Catarina Martins afirmou que o BE está disponível para assumir todas as responsabilidades. De que forma é que devemos interpretar essas palavras?
A minha interpretação do discurso da Catarina Martins é a de que a disponibilidade para entrar no Governo está intimamente associada a uma alteração na correlação de forças. O Bloco de Esquerda não está no Governo agora, porque não tem uma votação suficiente para influenciar a política governativa de modo a que ela não seja, por exemplo, tão tímida em relação aos avanços sociais e tão obediente em relação àquilo que é ainda a ortodoxia orçamental europeia.
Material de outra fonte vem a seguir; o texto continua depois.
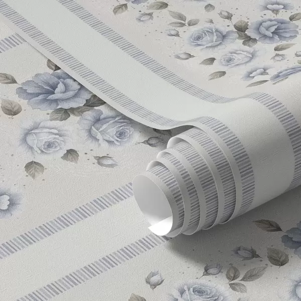 Papel pintado Rosas azules en bandas verticales sobre fondo claro. Nr. a00860

Eu junto as duas peças. A disponibilidade é real, não é fictícia, não é retórica, mas é uma disponibilidade que está associada a uma condição que é, no fundo, a alteração da correlação de forças na maioria parlamentar.
Com os deputados que tem atualmente não consegue ter essa força?
Não consegue. A verdade é que conseguiu muitas medidas e orientações positivas, mas é evidente que não conseguiu outras que são também essenciais e por isso é que eu juntaria sempre as duas variáveis.
Essa disponibilidade do BE para ir para o Governo mostra que houve uma transformação no partido?
Eu também vejo aí uma transformação. O Bloco tem hoje mais responsabilidade e mais maturidade política. Não nego que os últimos anos de negociação intensa, nem sempre feliz, mas intensa, dentro da maioria parlamentar, contribuiu para esse acréscimo de maturidade. Sem dúvida nenhuma.
Ainda faz sentido associar o BE a um partido de protesto?
Continua a fazer sentido. Eu prefiro, em vez de protesto, chamar-lhe de alguma rebeldia. Isso é um ingrediente fundamental no espaço político que o Bloco quer ocupar. É fundamental que o Bloco consiga associar a maturidade, a responsabilidade, a preparação técnica, com alguma criatividade, indignação, imaginação e rebeldia. Nem sempre isso é fácil.
Julga que António Costa quer mesmo continuar com esta solução política ou a aproximação ao PSD com a mudança de liderança pode mudar algumas coisas?
António Costa é acima de tudo um pragmático, mas tudo vai depender da correlação de forças. Acho que há hoje no PS, na sua base de apoio, uma adesão muito grande à chamada ‘geringonça’ e é mais isso a condicionar António Costa do que qualquer tipo de inclinação ideológica. Ele é um pragmático.
Como viu as críticas de António Costa a Ricardo Robles?
Ultimamente houve várias provocações por parte do Partido Socialista. Dizer, por exemplo, que os próximos entendimentos não seriam escritos é algo obviamente inaceitável. São provocações que indicam, mais do que uma tensão real, uma preocupação com a disputa de eleitorado à sua esquerda.